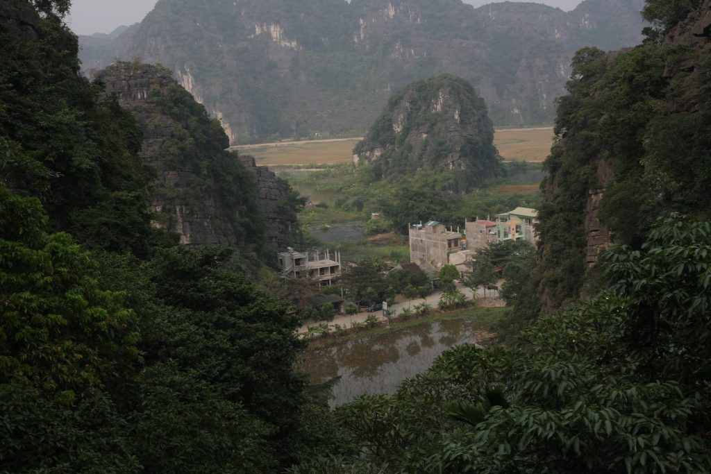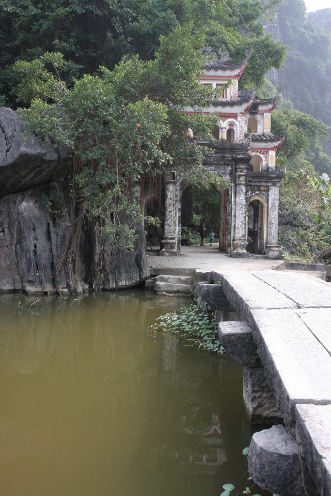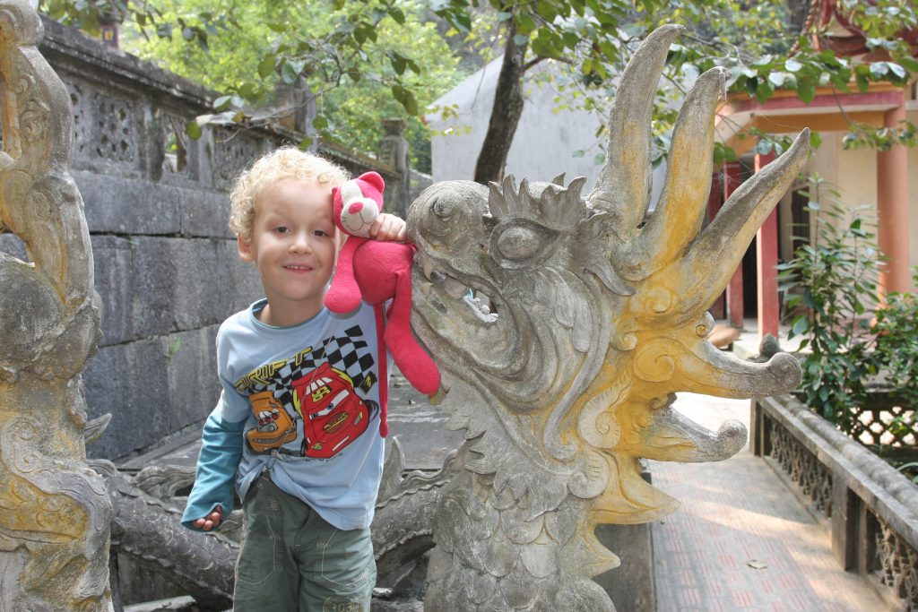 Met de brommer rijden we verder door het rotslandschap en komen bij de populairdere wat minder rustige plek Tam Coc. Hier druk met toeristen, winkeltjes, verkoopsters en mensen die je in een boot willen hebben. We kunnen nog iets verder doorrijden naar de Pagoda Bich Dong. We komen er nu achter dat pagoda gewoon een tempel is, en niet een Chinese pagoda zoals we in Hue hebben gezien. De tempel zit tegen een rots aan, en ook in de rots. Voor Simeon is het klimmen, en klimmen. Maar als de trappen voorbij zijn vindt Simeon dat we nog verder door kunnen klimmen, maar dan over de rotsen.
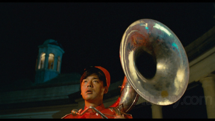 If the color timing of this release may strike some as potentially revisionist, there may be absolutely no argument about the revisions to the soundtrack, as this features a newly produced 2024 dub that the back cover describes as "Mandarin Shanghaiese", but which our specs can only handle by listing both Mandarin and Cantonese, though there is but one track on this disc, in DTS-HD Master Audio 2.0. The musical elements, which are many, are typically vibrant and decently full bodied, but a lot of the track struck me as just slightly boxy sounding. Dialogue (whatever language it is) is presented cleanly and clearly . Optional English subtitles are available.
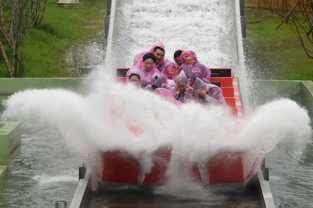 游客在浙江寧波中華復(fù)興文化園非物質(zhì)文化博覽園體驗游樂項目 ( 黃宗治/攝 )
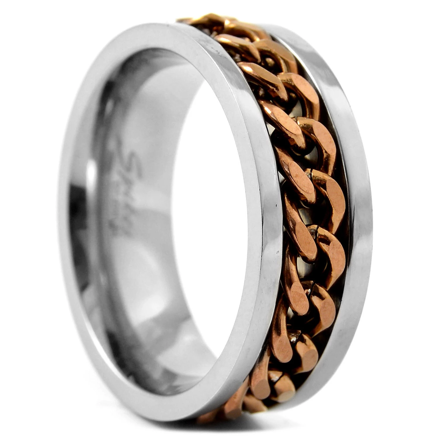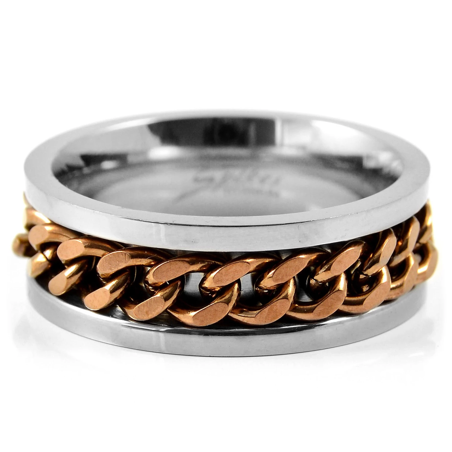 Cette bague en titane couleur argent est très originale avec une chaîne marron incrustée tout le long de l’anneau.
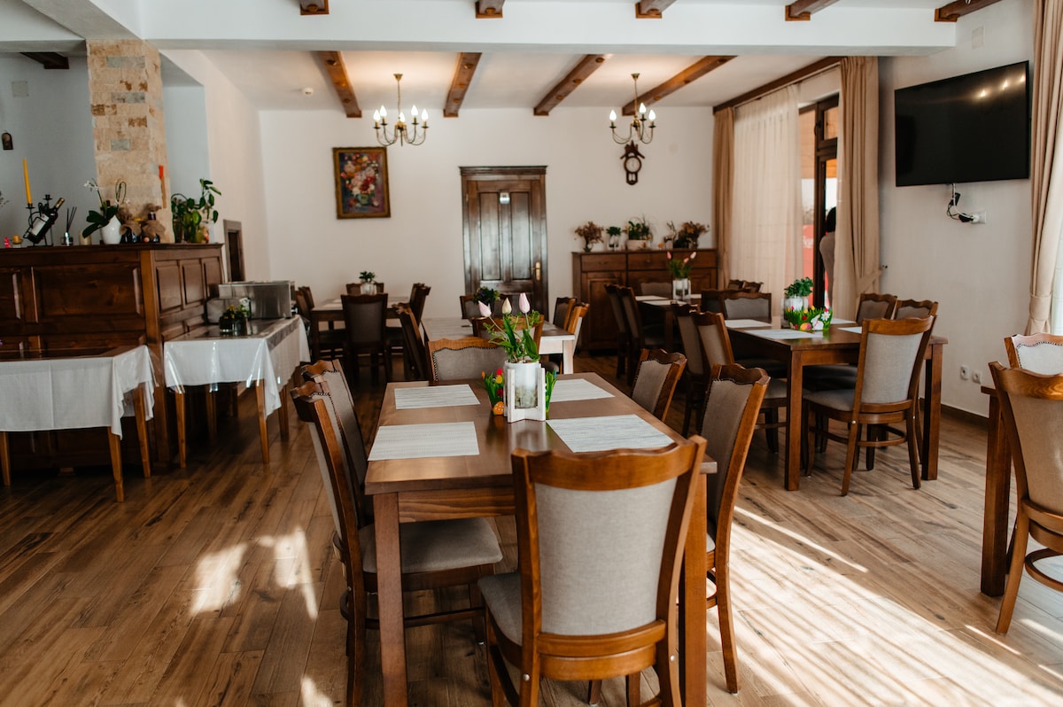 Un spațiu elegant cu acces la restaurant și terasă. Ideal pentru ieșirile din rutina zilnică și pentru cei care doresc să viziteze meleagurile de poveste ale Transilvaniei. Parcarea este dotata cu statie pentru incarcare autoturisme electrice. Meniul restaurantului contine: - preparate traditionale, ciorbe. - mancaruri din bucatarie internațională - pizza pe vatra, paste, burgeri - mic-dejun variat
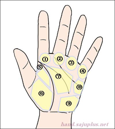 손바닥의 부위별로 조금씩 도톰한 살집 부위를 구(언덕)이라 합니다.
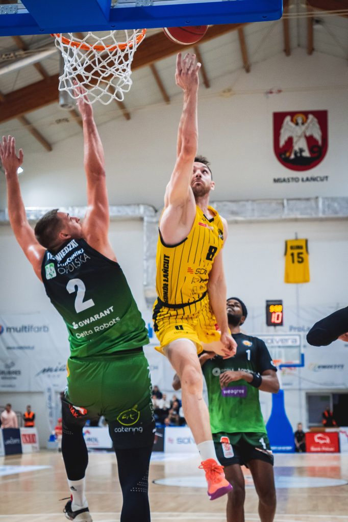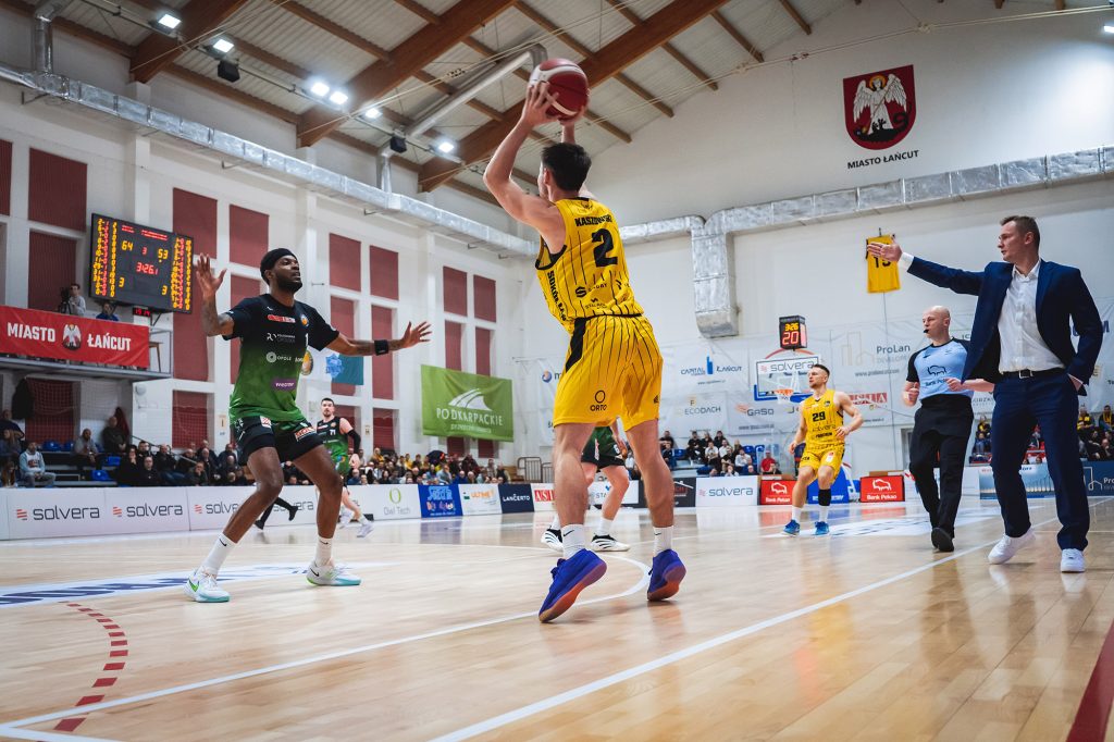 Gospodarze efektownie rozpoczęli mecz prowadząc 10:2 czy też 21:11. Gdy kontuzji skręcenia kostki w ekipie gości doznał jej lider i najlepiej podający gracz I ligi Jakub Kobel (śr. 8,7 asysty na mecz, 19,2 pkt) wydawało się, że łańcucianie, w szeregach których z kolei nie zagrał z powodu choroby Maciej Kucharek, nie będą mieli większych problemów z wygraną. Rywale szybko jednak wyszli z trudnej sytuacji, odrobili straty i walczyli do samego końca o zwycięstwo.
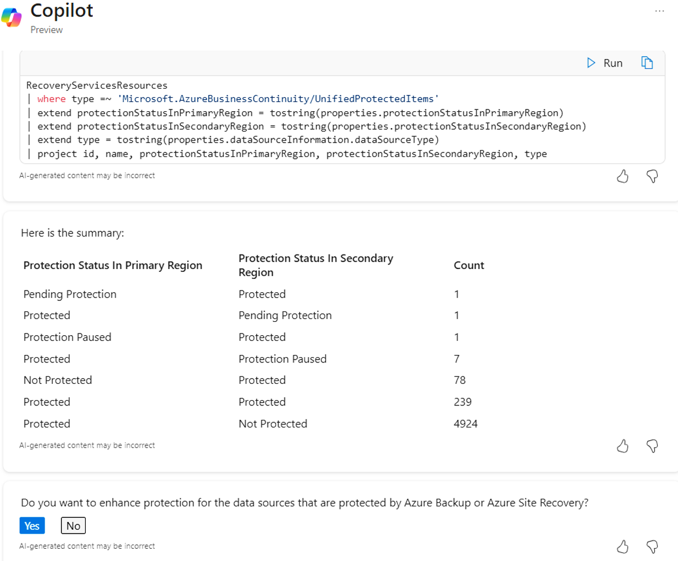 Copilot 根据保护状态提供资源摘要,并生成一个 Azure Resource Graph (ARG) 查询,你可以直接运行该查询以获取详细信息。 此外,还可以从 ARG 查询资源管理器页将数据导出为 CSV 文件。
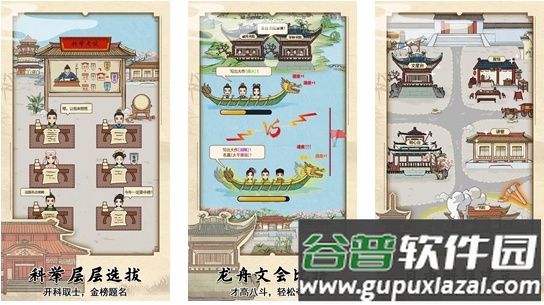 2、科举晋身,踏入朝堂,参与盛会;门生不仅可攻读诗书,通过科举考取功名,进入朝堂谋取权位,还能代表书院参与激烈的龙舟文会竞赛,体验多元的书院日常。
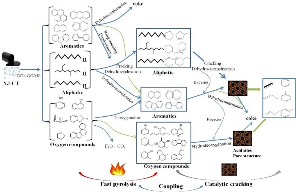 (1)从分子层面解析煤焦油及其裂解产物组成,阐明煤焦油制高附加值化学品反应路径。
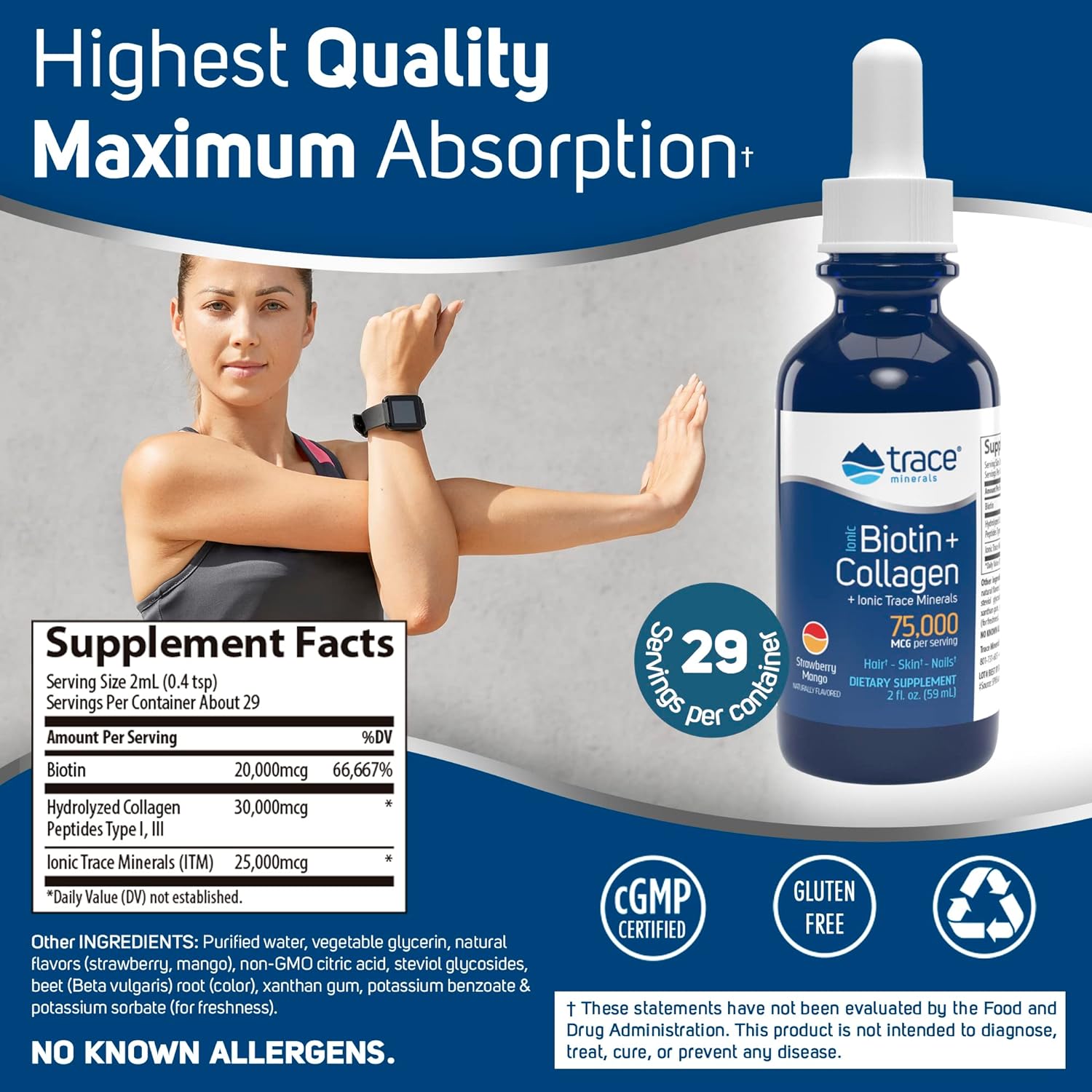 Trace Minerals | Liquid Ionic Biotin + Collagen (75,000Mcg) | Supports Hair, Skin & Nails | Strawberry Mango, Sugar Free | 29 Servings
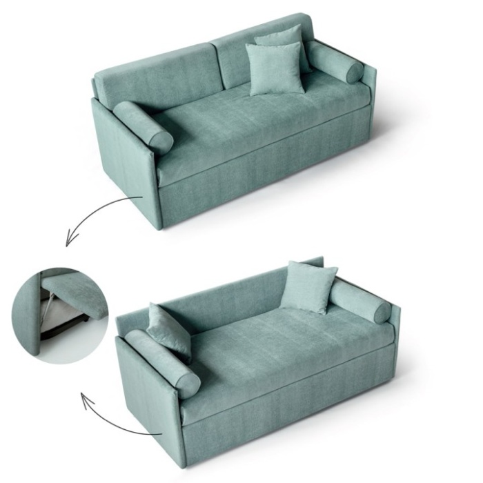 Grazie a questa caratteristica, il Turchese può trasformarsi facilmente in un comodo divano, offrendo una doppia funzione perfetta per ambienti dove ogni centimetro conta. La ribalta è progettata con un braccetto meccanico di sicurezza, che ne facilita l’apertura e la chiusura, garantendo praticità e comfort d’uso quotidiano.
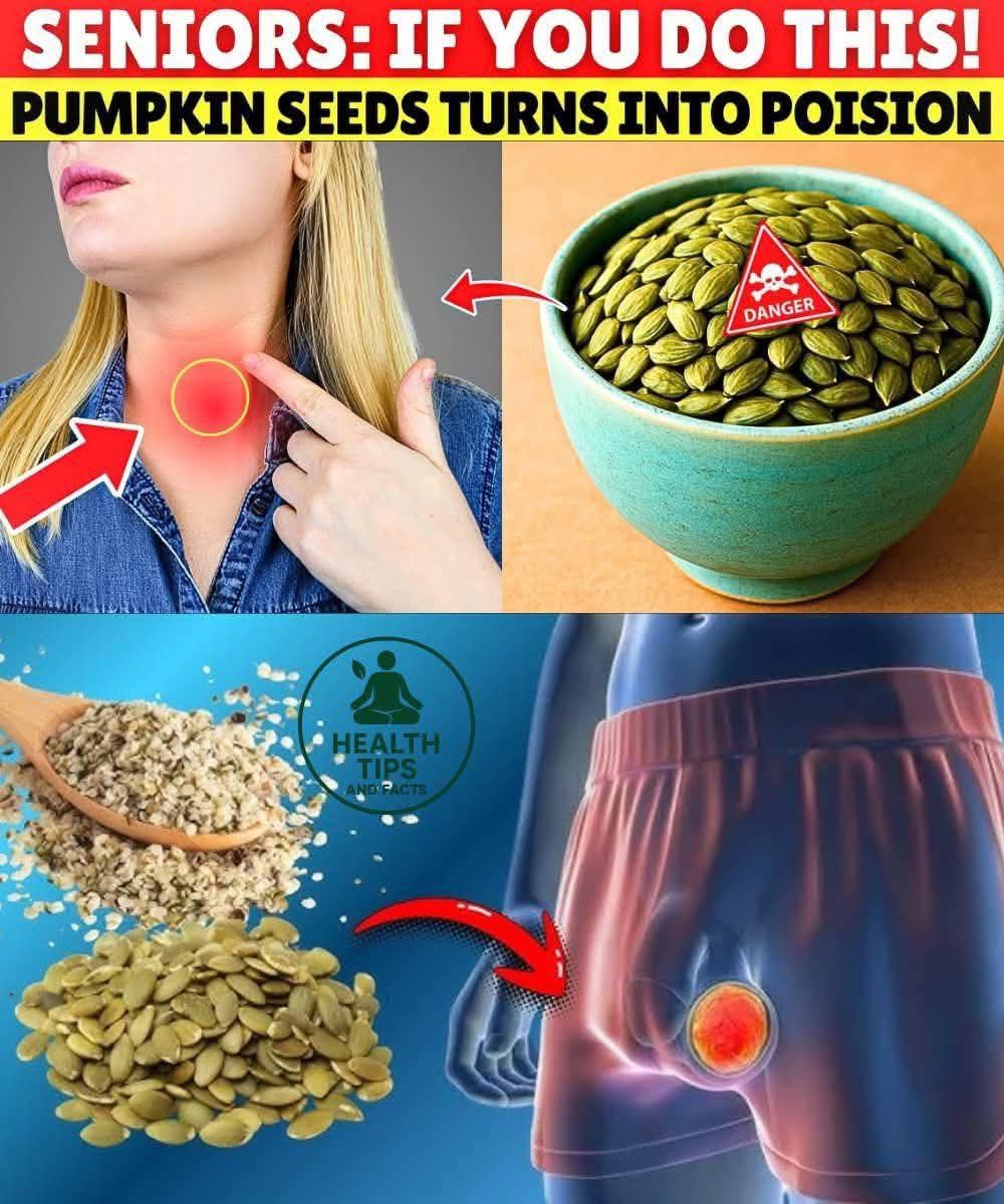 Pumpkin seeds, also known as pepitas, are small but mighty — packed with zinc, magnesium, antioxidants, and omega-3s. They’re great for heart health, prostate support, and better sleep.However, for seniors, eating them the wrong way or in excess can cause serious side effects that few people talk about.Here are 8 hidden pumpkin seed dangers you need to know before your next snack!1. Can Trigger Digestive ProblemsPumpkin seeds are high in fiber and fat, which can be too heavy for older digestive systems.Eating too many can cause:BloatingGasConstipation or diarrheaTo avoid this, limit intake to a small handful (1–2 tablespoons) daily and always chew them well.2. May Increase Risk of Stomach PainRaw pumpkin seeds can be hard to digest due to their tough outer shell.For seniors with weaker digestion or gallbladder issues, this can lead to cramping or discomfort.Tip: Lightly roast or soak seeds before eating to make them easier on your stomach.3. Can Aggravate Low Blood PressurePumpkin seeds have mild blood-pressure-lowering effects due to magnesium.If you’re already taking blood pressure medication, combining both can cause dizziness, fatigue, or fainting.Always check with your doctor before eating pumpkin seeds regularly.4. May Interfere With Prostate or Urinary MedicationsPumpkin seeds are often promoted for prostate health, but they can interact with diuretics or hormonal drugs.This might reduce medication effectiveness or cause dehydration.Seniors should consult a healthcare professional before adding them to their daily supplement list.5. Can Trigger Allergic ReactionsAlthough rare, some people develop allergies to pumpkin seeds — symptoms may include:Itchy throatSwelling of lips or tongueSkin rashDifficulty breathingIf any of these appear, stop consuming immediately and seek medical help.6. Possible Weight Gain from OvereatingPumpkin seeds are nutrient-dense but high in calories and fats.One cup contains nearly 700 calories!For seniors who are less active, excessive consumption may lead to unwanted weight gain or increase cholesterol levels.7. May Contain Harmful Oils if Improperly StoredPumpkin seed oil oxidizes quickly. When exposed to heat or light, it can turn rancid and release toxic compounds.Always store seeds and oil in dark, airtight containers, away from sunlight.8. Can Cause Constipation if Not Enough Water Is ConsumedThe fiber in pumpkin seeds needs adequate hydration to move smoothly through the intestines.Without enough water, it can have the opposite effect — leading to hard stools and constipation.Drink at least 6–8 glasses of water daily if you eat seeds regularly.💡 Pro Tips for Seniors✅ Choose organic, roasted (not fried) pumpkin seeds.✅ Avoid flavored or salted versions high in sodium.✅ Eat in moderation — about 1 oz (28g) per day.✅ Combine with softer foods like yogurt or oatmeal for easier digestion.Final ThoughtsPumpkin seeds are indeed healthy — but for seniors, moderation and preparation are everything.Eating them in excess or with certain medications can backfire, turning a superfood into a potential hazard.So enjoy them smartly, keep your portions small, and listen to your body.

***

What the task asks: Give again the stretch of lines above from the one with "游客在浙江寧波中華復(fù)興文化園非物質(zhì)文化博覽園體驗游樂項目 ( 黃宗治/攝" through the one with "손바닥의 부위별로 조금씩 도톰한 살집 부위를 구(언덕)이라 합니다.", both ends kept, and copy no pictures.

Task output:
 游客在浙江寧波中華復(fù)興文化園非物質(zhì)文化博覽園體驗游樂項目 ( 黃宗治/攝 )
 Cette bague en titane couleur argent est très originale avec une chaîne marron incrustée tout le long de l’anneau.
 Un spațiu elegant cu acces la restaurant și terasă. Ideal pentru ieșirile din rutina zilnică și pentru cei care doresc să viziteze meleagurile de poveste ale Transilvaniei. Parcarea este dotata cu statie pentru incarcare autoturisme electrice. Meniul restaurantului contine: - preparate traditionale, ciorbe. - mancaruri din bucatarie internațională - pizza pe vatra, paste, burgeri - mic-dejun variat
 손바닥의 부위별로 조금씩 도톰한 살집 부위를 구(언덕)이라 합니다.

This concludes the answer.